Долг и верность (СИ) - "Малефисенна". Страница 19
Мы вошли в мои апартаменты. Я пропустила его вперед и закрыла дверь. Когда повернулась, Киан уже стоял на коленях перед моим креслом и, медленно выгнув спину, заложил руки за спину. Что же, он сам выбрал, как нам разговаривать.
Я села напротив него, но не сразу нашла слова. Сверху послышалась возня и какая-то брань. Но те разборки меня сейчас не интересовали, только Киан. А что именно я хотела ему сказать?

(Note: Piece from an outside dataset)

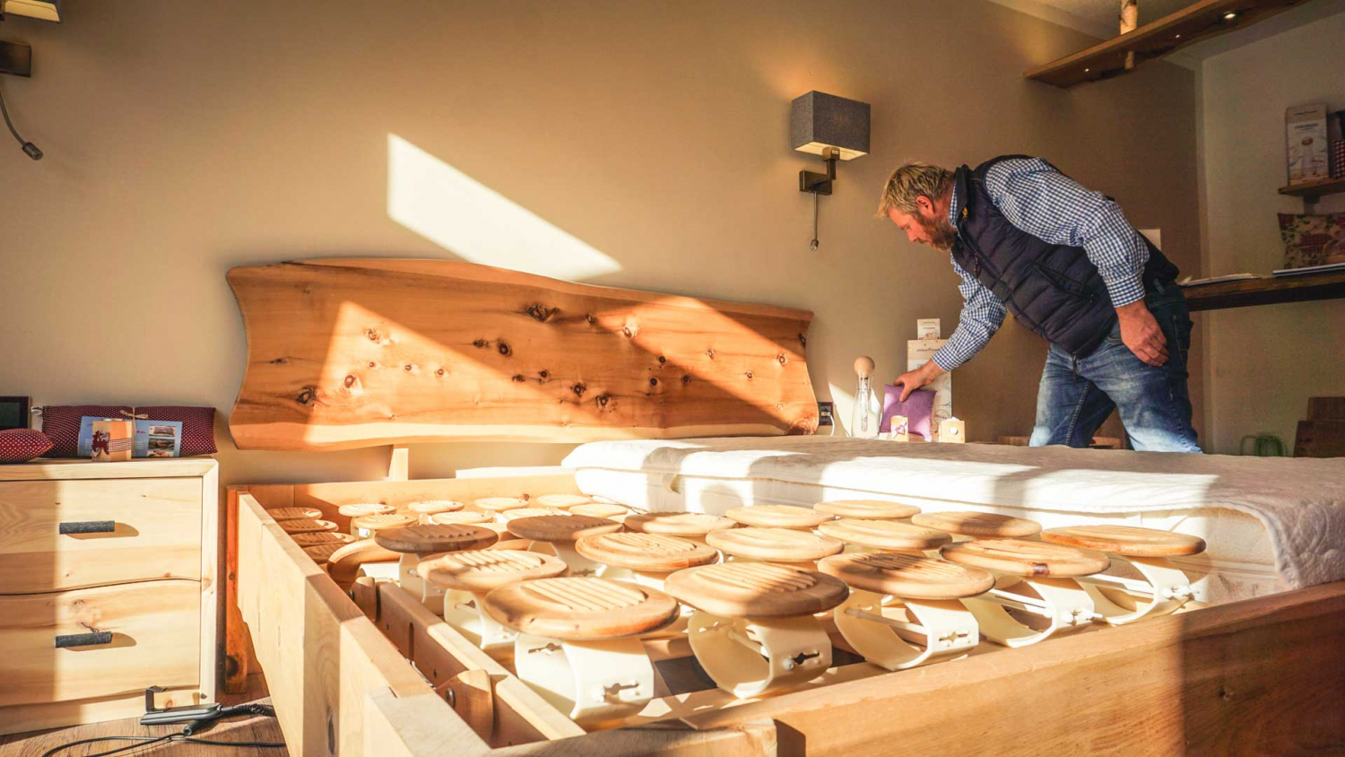 In seiner Werkstatt fertigen er und seine Mitarbeiter unter anderem Betten und Schränke aus Zirbe. Auch kleidet er immer wieder Räume komplett mit dem besonderen Holz aus. Das soll Elektrosmog abschirmen. „Schon allein der Geruch ist faszinierend und verändert die ganze Atmosphäre. Viele Gäste kennen das alpenländische Holz gar nicht und sind überrascht, wie angenehm es auf den ganzen Körper ausstrahlt.“ Für den Anfang reicht vielleicht auch erst einmal ein Kissen, das mit Zirbenholzspänen gefüllt ist. „Das Bett ist der Mercedes beim Thema Zirbe, aber schon allein ein Kissen kann den Schlaf verbessern und ist eine tolle Möglichkeit, mal zu schauen, wie das Holz auf einen wirkt.“

— Посмотри на меня, — голос был слишком задушенным и в то же время грубым, но так получилось. Он повиновался, только сжался, становясь еще меньше.
— Я все знаю. И о твоей преданности мне тоже. Только ты хотел предать не меня, а власть в лице куратора, ставя под сомнение его решения, — слова давались с трудом: вновь пришлось переступить через совесть, копируя тон тех, кого я до самой смерти буду ненавидеть. Ненавидеть и бояться.
Я увидела, как Киан нервно облизал опухшую губу и еще ниже наклонил голову. Хорошо, что он опять смотрел в пол, а не на меня.
— Но дело даже не в этом. Твоя попытка ничем бы не обернулась. У ополчения нет сил вытащить своих, а те слухи об их способности выжигать с Темных руны — только сказки, чтобы подкрепить хлипкую веру.
Я хотела сказать что-то еще, но остановилась, заметив, как напряглись мышцы его рук.
— Я не могу ничего не делать, госпожа, — хрипло, но уверенно произнес Киан. Тот самый, что четыре года и слова мне поперек не сказал? Который был вынужден видеть все, что я делаю, и не вмешиваться. Наверно, он все надеялся, что я что-то изменю.
Но я просто сломалась.
— Ты не можешь с этим смириться, а теперь мне опять придется искалечить тебя, чтобы другие не усомнились в моих собственных взглядах.
— То есть те… жители, которые сейчас в тюрьме, должны умереть? — игнорируя слова о его судьбе, спросил он. — Так должно быть? — он впервые без опаски и совершенно открыто поднял на меня глаза, покрасневшие и заплывшие после избиения, и уже не опускал. Опущенные к коленям руки разжались и совсем не дрожали. А потом он спросил. Тихо и почти безэмоционально: — Вам правда все равно?..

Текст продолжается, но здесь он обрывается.